• La mort du petit Suisse

    Le 30 mars 1658 est un samedi, c’est jour de marché à Baigneux mais ce n’est pas le bruit des marchands s’installant sous les halles qui ont éveillé Antoine Lacoste chirurgien et apothicaire car il n’a guère dormi cette nuit ni celle d’avant d’ailleurs. Le souvenir de ce jeune suisse le poursuit. Qu’aurait-il pu faire d‘autre ? Aurait-il pu le sauver ? Même son confrère Edme Guénebault chirurgien à Cessey lui a affirmé qu’il n’aurait rien pu faire. Pourtant quand Claude Béguin l’hôtellier de la Croix de Fer est venu le chercher hier matin vers 5 heures parce qu’un de ses clients se trouvait mal, il s’est transporté en hâte avec ses instruments.

    Il a trouvé un jeune homme d’une vingtaine d’année qui se plaignait d’oppression respiratoire. Ses compagnons interrogés , lui ont dit qu’ils retournaient chez eux, à Bâle en Suisse après un voyage d’affaire en Angleterre, qu’ils étaient arrivés la veille et avait pris logis à la Croix de fer vers six heures du soir, y avaient soupé avec deux autres clients et que leur ami semblait bien se porter. Dans la nuit il s’est agité et a commencé à se plaindre et à étouffer. C’est donc après s’être concertés qu’ils ont réveillé l’hôtellier pour lui demander de l’aide. Immédiatement Claude Béguin est venu le quérir, lui, Antoine Lacoste, celui qui connaît les maladies et les remèdes.

    Après avoir pris la mesure du mal, il a immédiatement appliqué le meilleur remède qu’il connaisse pour ces symptômes : un lavement. Malgré donc ces soins rapides et compétents, le jeune homme est décédé peu après.

    Il a fallu informer Daniel Armedey, le procureur du roi, qui est venu avec le greffier Bernard Boilleau et un des sergents de la prévôté, Claude Nauldot, pour constater le décès, procéder à l’inventaire des biens du défunt et pourvoir à sa sépulture.

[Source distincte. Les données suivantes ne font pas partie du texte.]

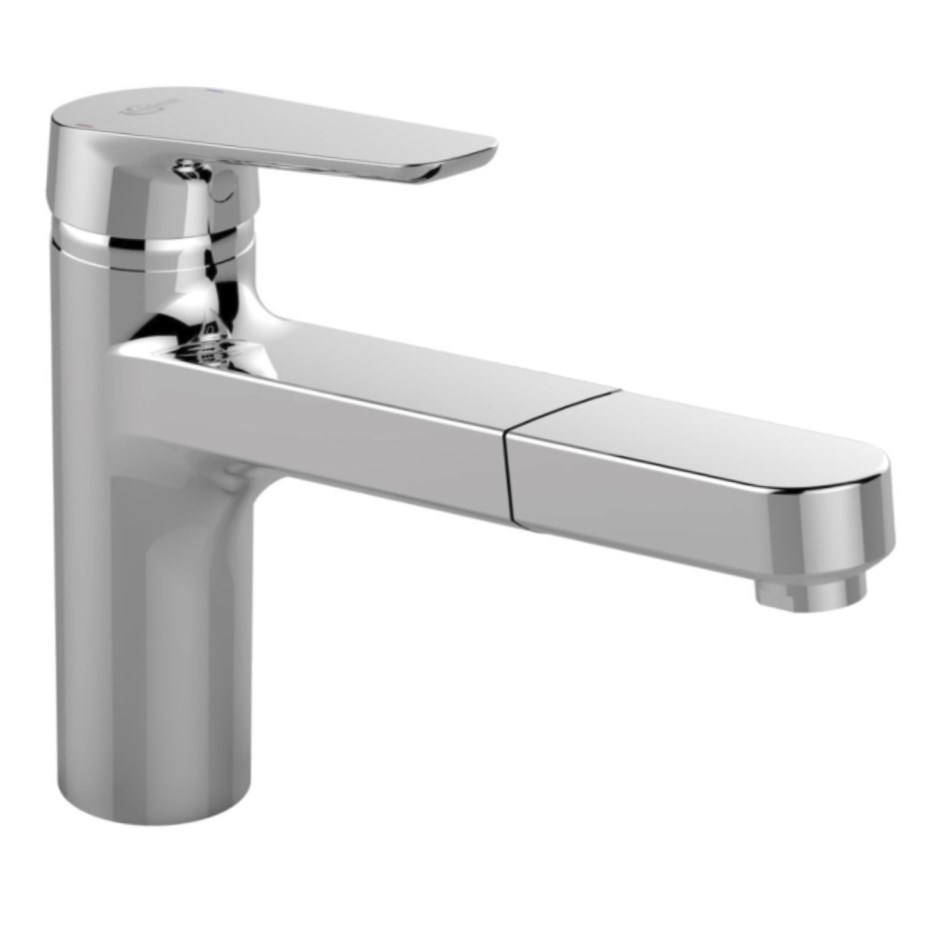 CERAPLAN III Смеситель для кухонной мойки с вытяжным изливом, монтаж IS-Fix - крепеж на центральной гайке M 33x1,5 с двумя блокирующими винтами (обеспечивает стабильную фиксацию смесителя), с пластиковой опорной пластиной для более стабильного монтажа на мойке из нержавеющей стали, литой излив, угол поворота 120°, аэратор Perlator, керамический картридж 35 мм с функцией HWTC (ограничение максимальной температуры горячей воды), металлическая рукоятка с индикаторами горячей / холодной воды, гибкая подводка G3/8" (2 шланга для подключения к водопроводу), укороченный гибкий шланг G3/8 и пластиковый соединительный шланг 1,5 м для подключения вытяжного излива

    Un décès un peu soudain est toujours un peu inquiétant, c’est pourquoi le procureur du roi a ordonné que le corps du jeune suisse soit examiné intérieurement et extérieurement par deux chirurgiens pour déterminer la cause du décès. A Antoine Lacoste s’est joint Edme Guénebault, autre chirurgien compétent puisqu’il a bénéficié de l’enseignement de son beau-père Jean Loriot (estimé par tous pour ses talents de chirurgien qu’il a longtemps exercés avant de se consacrer depuis environ 2 ans à sa charge de maire de Baigneux).

    Les deux hommes de l’art ont donc procédé à l’examen et c’est  après avoir longtemps discuté qu’ils ont conclu, car leur diagnostic est sûr maintenant : ce jeune homme est mort d’un débord de cerveau qui se serait jeté dans la capacité de la poitrine.

    Le procureur du roi est donc rassuré sur la cause du décès, mais il doit maintenant faire face à un autre problème, en effet ces voyageurs suisses sont protestants et la mise en terre catholique va poser un problème.

    C’est Daniel Maurice, le notaire qui fait actuellement office de prévôt parce que Jean-Baptiste Beguin est absent qui devra statuer sur le sujet et certainement imposer à tous que ce jeune homme soit enterré dans le cimetière bien qu’il soit de la religion prétendue réformée.

    Donc Antoine Lacoste revit maintenant cette longue journée d’hier et malgré les propos rassurants de son confrère, il ne peut s’empêcher de repenser aux symptômes que présentait le jeune homme. Et il se prend à douter du remède qu’il lui a administré.

    Aurait-il du plutôt lui faire une saignée ?

    Mis en forme à partir d’un fait extrait  des registres du greffe de la prévôté royale de Baigneux-les-Juifs (AD21 BII299)

    La trame est réelle, la description clinique, le diagnostic et le remède également, seule la conclusion est inventée.